• _Exercise brief_: Reproduce exactly the lines of this material that begin at the line with "Ricercare on C" and end at the line with "구마모토현 야마가시에 백제인이 세운 산성인 기쿠치성. 점선은 성의 영역.", both included. Omit the pictures and everything else.

• _Given information_:
------

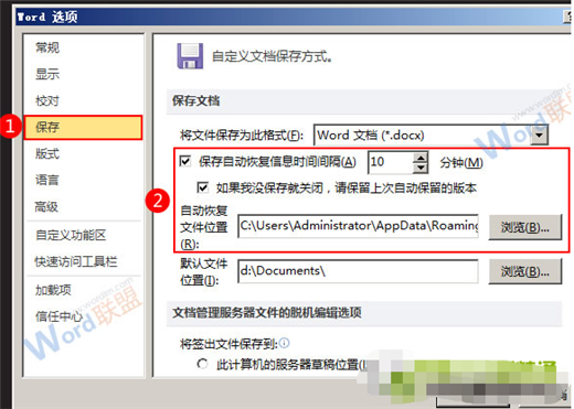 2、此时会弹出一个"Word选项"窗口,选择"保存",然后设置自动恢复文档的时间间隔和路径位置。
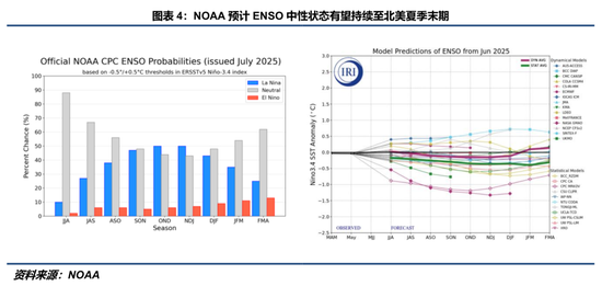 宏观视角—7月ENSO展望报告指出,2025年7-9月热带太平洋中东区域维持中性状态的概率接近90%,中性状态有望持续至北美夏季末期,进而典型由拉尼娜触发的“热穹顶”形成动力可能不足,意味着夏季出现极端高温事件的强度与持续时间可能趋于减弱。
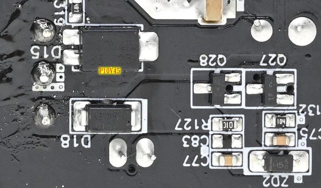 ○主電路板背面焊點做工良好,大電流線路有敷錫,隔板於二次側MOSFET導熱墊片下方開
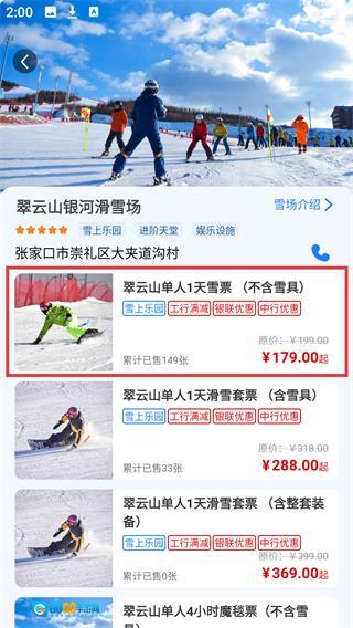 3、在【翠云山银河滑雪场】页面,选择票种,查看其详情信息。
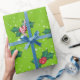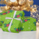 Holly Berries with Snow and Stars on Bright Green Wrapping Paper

------

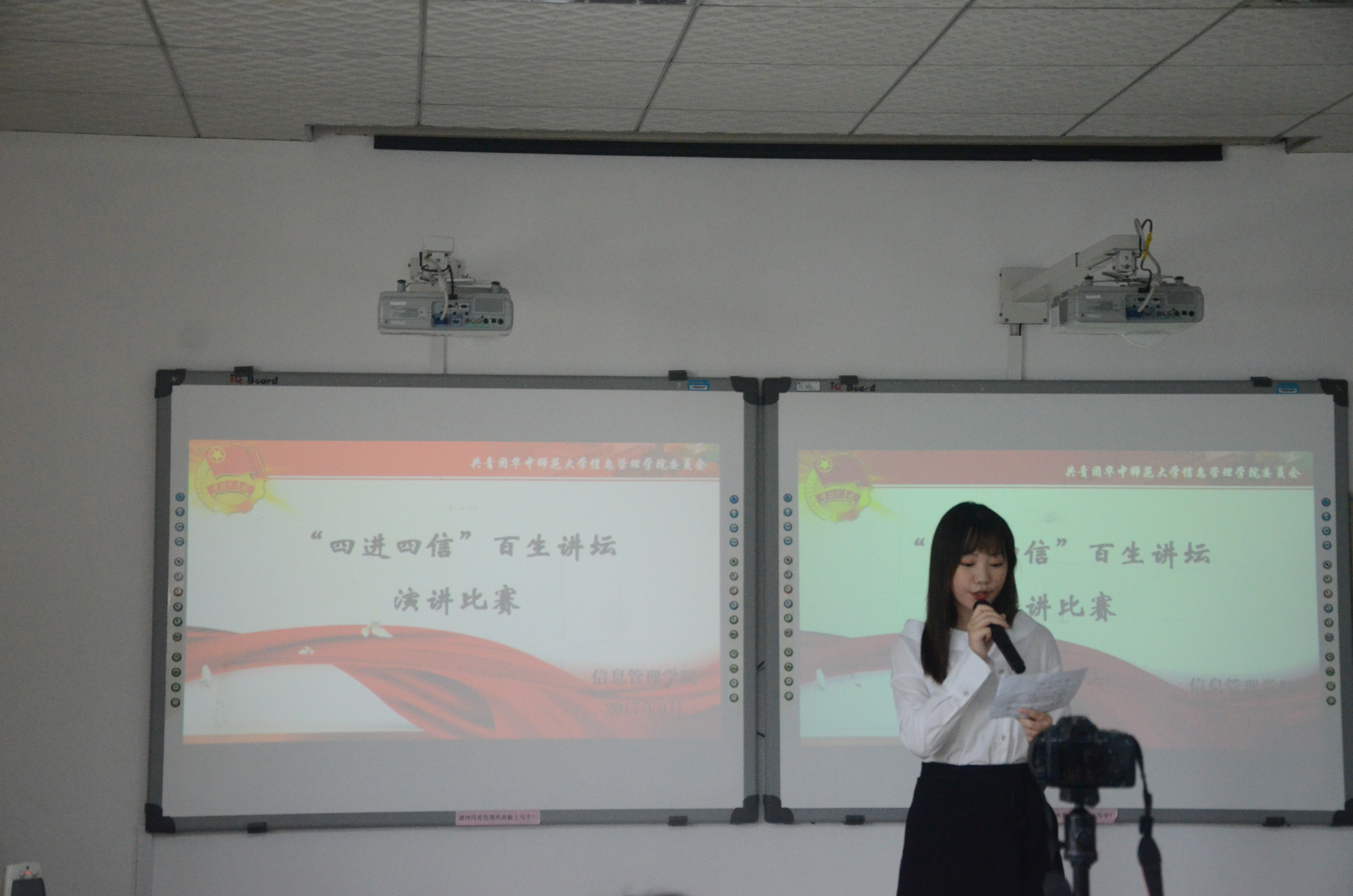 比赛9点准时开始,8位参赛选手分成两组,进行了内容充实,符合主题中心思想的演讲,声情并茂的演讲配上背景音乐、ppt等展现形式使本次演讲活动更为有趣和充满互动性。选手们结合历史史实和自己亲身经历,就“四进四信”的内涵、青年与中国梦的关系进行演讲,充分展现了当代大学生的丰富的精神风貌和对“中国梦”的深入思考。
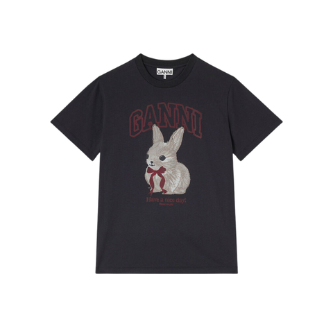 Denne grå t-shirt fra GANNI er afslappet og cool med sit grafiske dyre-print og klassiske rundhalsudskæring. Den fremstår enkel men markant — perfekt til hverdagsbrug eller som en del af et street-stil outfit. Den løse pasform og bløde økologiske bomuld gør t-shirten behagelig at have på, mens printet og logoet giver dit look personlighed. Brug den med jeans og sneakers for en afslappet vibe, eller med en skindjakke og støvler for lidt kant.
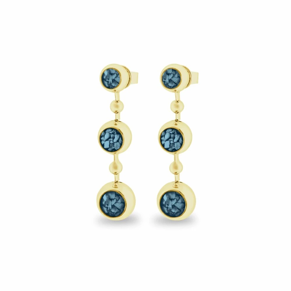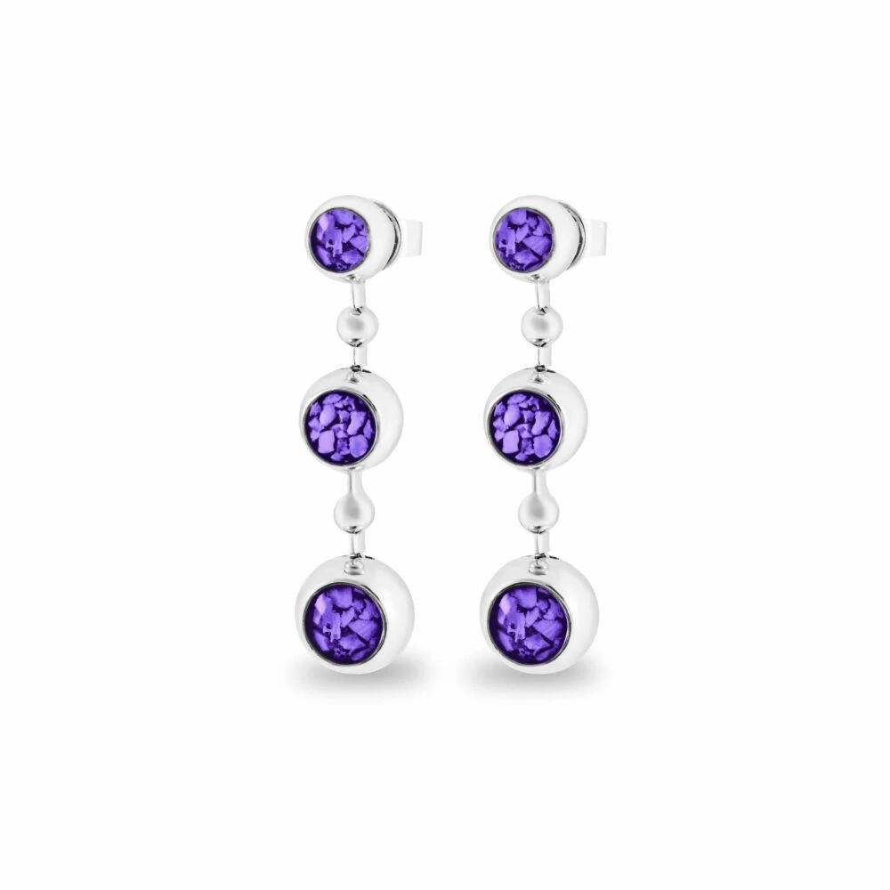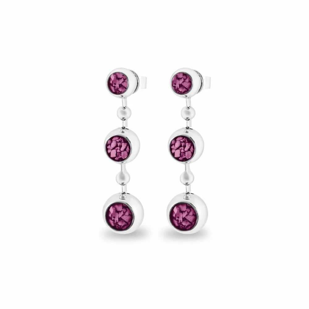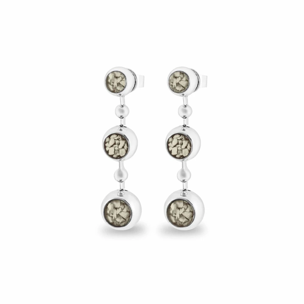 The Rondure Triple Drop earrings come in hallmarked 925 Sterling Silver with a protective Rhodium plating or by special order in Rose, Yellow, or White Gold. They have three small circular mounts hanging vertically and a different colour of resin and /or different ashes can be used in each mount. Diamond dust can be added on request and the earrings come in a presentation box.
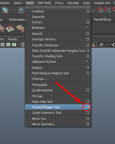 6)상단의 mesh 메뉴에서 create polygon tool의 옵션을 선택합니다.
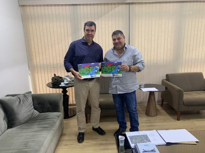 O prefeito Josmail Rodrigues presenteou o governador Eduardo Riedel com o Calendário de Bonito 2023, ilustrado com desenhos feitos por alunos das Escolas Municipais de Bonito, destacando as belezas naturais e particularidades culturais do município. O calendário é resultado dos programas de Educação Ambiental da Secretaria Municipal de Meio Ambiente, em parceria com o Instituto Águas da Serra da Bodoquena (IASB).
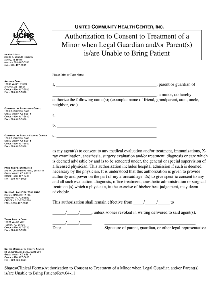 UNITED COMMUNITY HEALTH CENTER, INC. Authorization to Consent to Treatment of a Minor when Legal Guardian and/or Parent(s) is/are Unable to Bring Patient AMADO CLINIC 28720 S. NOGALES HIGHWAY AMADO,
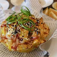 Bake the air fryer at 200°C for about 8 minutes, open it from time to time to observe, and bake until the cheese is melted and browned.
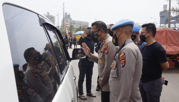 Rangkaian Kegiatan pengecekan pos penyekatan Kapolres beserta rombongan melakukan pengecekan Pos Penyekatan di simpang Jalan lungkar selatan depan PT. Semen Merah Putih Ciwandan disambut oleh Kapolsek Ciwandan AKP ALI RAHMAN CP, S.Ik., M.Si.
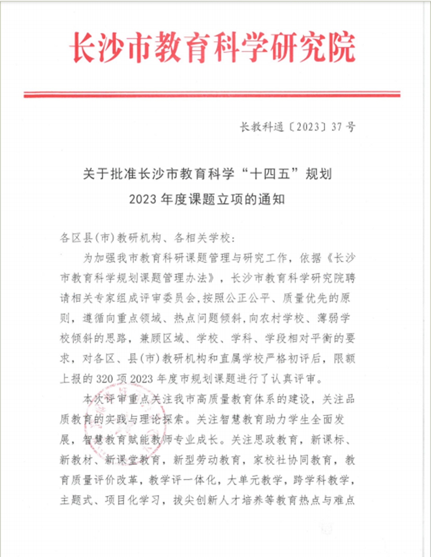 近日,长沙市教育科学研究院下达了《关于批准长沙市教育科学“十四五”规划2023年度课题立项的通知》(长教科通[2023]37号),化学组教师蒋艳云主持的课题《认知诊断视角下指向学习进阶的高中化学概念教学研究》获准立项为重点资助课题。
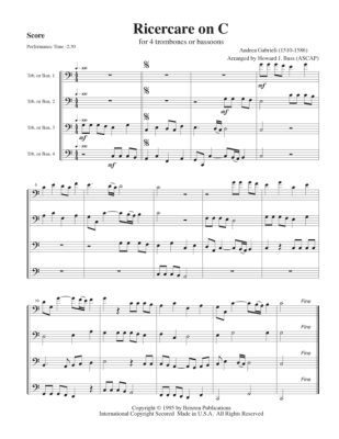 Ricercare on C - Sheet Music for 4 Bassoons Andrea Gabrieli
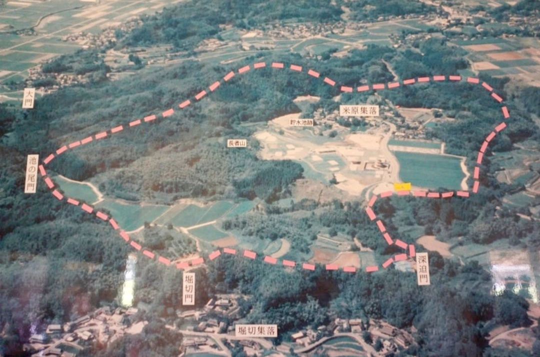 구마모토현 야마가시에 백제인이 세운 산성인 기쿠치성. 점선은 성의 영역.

------

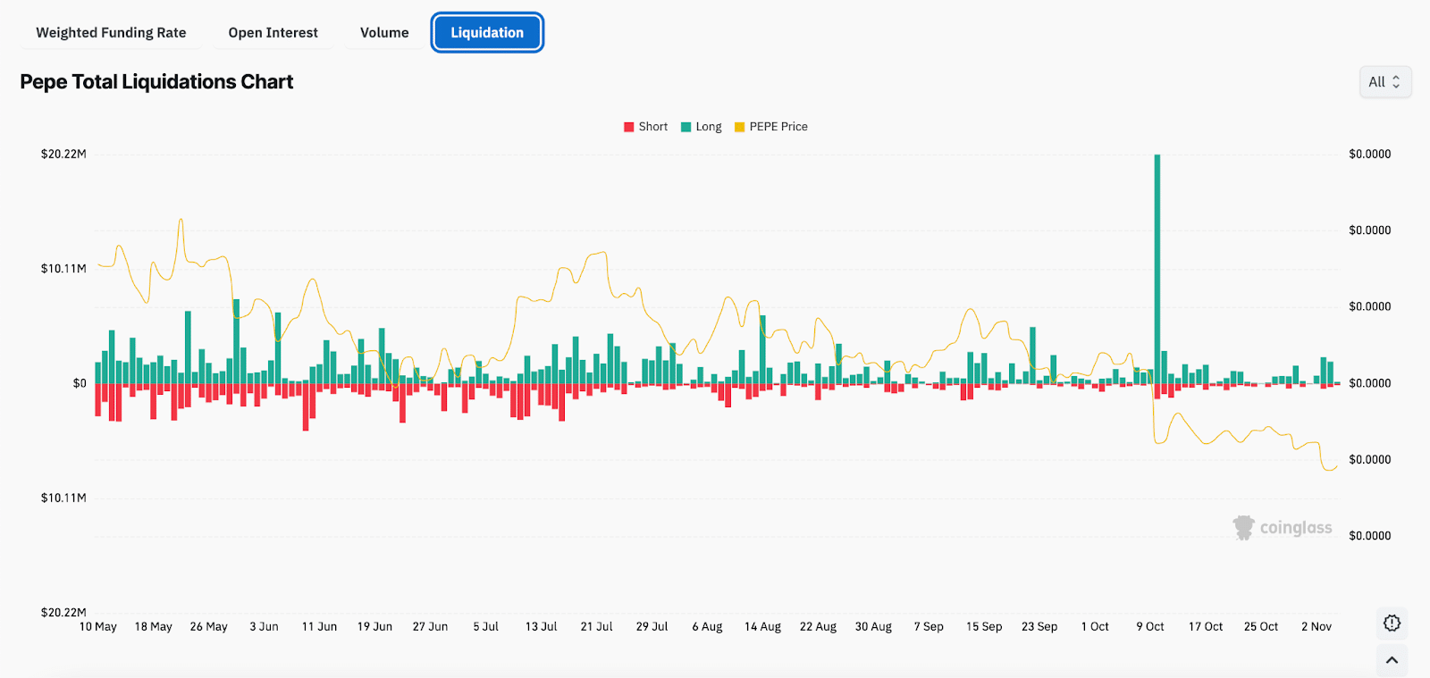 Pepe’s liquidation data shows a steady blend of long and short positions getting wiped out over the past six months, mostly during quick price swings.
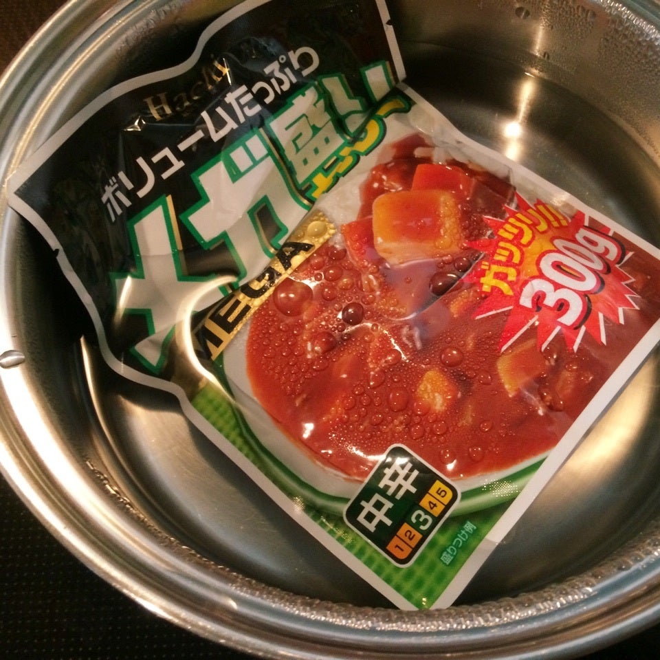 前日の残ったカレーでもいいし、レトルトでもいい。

------

• _Completed exercise_:
 Ricercare on C - Sheet Music for 4 Bassoons Andrea Gabrieli
 구마모토현 야마가시에 백제인이 세운 산성인 기쿠치성. 점선은 성의 영역.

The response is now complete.